Perl is rather twee.
Real UNIX programmers use awk. _________________ MQSeries.net helps those who help themselves.. |
|
Back to top |
|
 |
bbburson |
Posted: Wed Jun 04, 2008 2:02 pm Post subject: |
|
|
Partisan
Joined: 06 Jan 2004 Posts: 378 Location: Nowhere near a queue manager
|
MS62 already looks in all three AMQERR0n.LOG files. If the messages aren't found there, doing a tail -f on the one will not likely gain you anything. Tail does not follow the file renames that happen when the files get too big. After a short time you'll be stuck tailing a file that is no longer being written to. |
|
Back to top |
|
 |
fjb_saper |
Posted: Wed Jun 04, 2008 3:42 pm Post subject: |
|
|
 Grand High Poobah
Joined: 18 Nov 2003 Posts: 20756 Location: LI,NY
|
You need to isolate the qmgr and stop all its channels and users. Running rcdmqimg -l will give you the latest needed logs as well as create a new restart point. Archive files no longer needed.

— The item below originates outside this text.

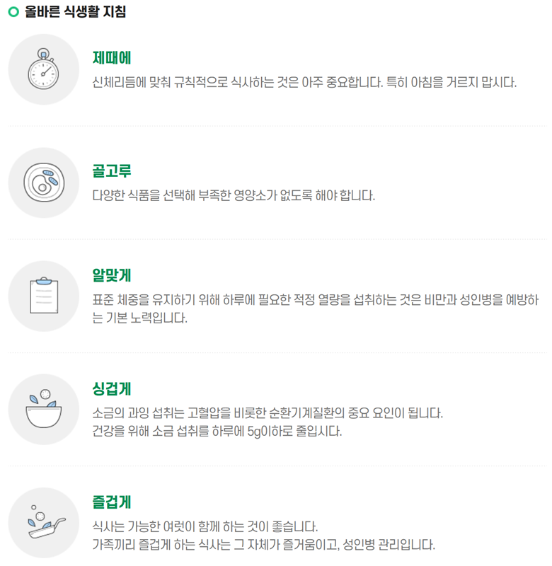 7. 자신의 상태를 확인한 후에는 '올바른 식생활 지침'을 읽어보는 것도 좋습니다. 제때에, 골고루, 알맞게, 싱겁게, 즐겁게 식사하는 5가지 지침은 건강한 생활을 유지하는 데 유용한 길잡이가 되어줍니다.

Restart channels and applications...
Enjoy  _________________ MQ & Broker admin |
|
Back to top |
|
 |
Nigelg |
Posted: Wed Jun 04, 2008 9:28 pm Post subject: |
|
|
Grand Master
Joined: 02 Aug 2004 Posts: 1046
|
bburson:
I thought the idea was to come up with a solution of your own, not criticise other people's.
While we are doing that, you are wrong. The msg is witten to the file, but is removed from the file before MS62 can find it. tail -f wil dump the contents of the file as they are written.

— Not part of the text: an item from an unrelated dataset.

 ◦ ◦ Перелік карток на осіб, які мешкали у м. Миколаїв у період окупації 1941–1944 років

Additionally, I also suggested that this procedure could be repeated as necessary until the msgs are found, not just run once. Of course tail does not follow file renames; once there is no more output the tail can be abandoned and restarted.

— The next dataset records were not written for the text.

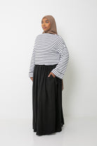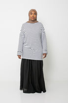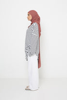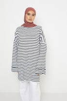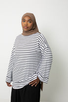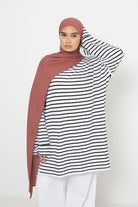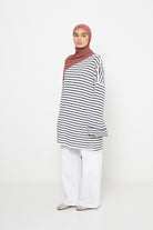 Adoptez le confort stylé avec notre marinière CM. Confectionnée en viscose premium, elle séduit par sa fluidité, sa légèreté et son opacité parfaite. Sa coupe ample, son col bateau inédit, idéal pour un hijab bien positionné sans laissé apparaître la peau, et ses détails soignés comme les revers aux manches et les petites fentes en font une pièce aussi pratique que tendance.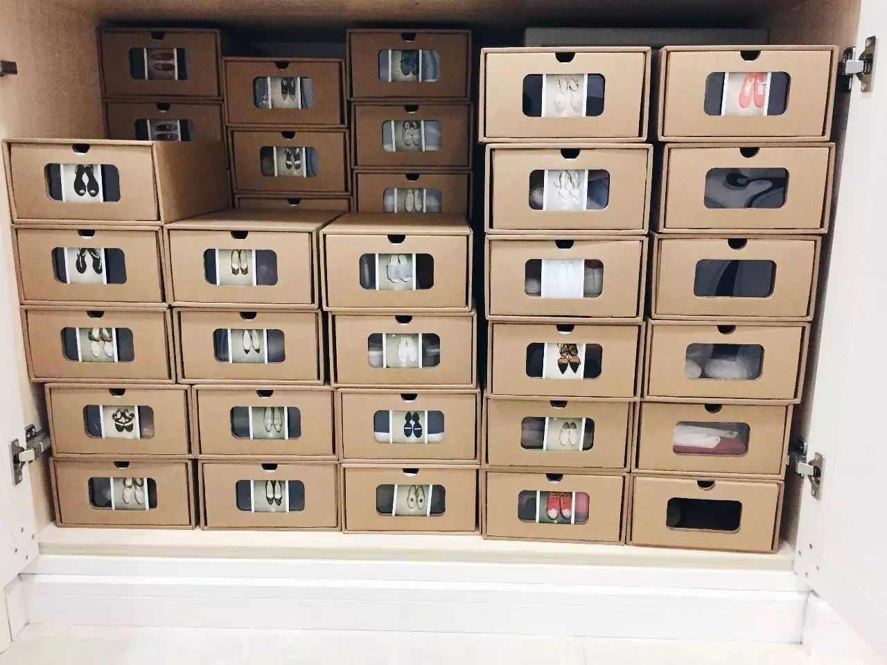 用统一的鞋盒要比大大小小形状不一的鞋盒省空间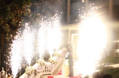 电子烟火常常在新人在婚礼上接吻时被使用,当新人面对所有来宾接下他们的幸福之吻时,电子遥控烟火瞬间绽放在众人的面前。这是激动的一刻,需要用爱的火光来照耀她。电子烟火能瞬间调动起来宾的情绪,迎接这婚礼的高潮。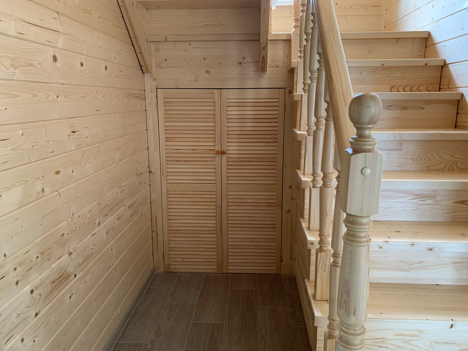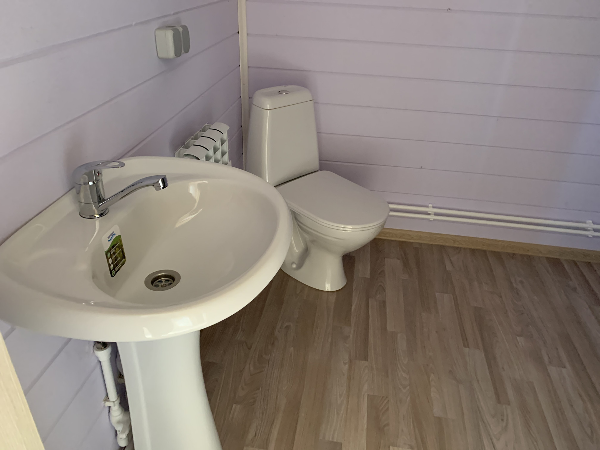 На первом этаже большой холл, гостевая комната или кабинет, светлая гостиная с кухней, санузел с ванной, на втором этаже три комнаты, уютных холл.

Keep your negative (and wrong) comments to yourself. If you have anything positive to say, or any answer to the challenge, post it, otherwise shut up. _________________ MQSeries.net helps those who help themselves.. |
|
Back to top |
|
 |
Challenger |
Posted: Thu Jun 05, 2008 12:57 am Post subject: |
|
|
 Centurion
Joined: 31 Mar 2008 Posts: 115
|
OK, well let's keep it friendly
There is a problem on tail -f with an AMQERR01.LOG, as MQ renames the file to 02 when it fills up - but "tail"s file handle doesn't follow it.
Another issue is that these AMQ74xx messages are written to the log when 1000 transactions (GETs or PUTs) are done - but if the log file directory is full then you won't be doing anymore PUTs and if MQ is well-trashed then it's unlikely you'll be doing much GETting either |
|
Back to top |
|
 |
Nigelg |
Posted: Thu Jun 05, 2008 1:44 am Post subject: |
|
|
Grand Master
Joined: 02 Aug 2004 Posts: 1046
|
Hey, let's all rubbish my 10-second thought.
Anybody else want to put their five eggs in?
Let me put it in words of one syllable.
If it does not find the log msgs the first time, have another go until it does. There is no need to leave it running when there is no more input.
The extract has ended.